## PROBLEM REQUIREMENTS
Nothing but the lines from the one holding "Set against a" through the last line of the material below should be set down, exactly and without images.

## GIVEN INFORMATION
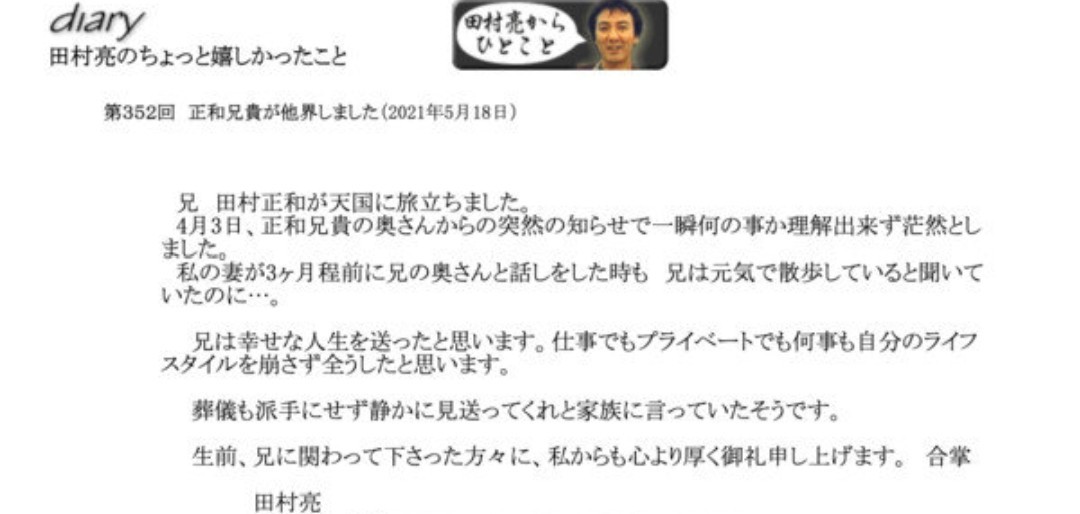 田村正和的弟弟在得知哥哥的死讯的时候同样表现得很诧异,他表示哥哥不是好好的吗?从田村正和弟弟的反应不难看出田村正和离世比较突然,连家人都觉得猝不及防,难以接受,更遑论是网友们呢。
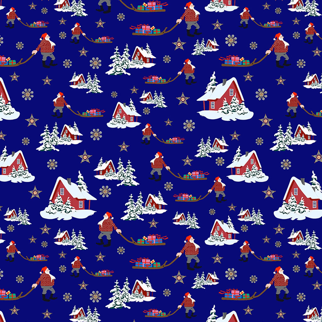 Set against a rich, wintry blue, this print features cheerful Julenisse figures—the traditional Norwegian Christmas gnome—pulling sleighs filled with gifts through a snowy village of red cabins and fir trees. Straw stars and snowflake-like florals are scattered throughout the scene, adding to the festive, folkloric charm. A beautiful Scandinavian take on classic holiday traditions.
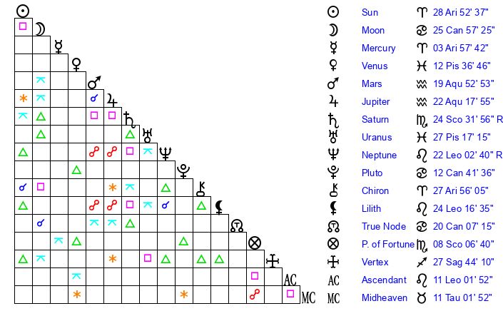 | Saturn | 25 Scorpio 3 | 26 Pisces 34 | 19 Scorpio 56 |

## REPLY
 Set against a rich, wintry blue, this print features cheerful Julenisse figures—the traditional Norwegian Christmas gnome—pulling sleighs filled with gifts through a snowy village of red cabins and fir trees. Straw stars and snowflake-like florals are scattered throughout the scene, adding to the festive, folkloric charm. A beautiful Scandinavian take on classic holiday traditions.
 | Saturn | 25 Scorpio 3 | 26 Pisces 34 | 19 Scorpio 56 |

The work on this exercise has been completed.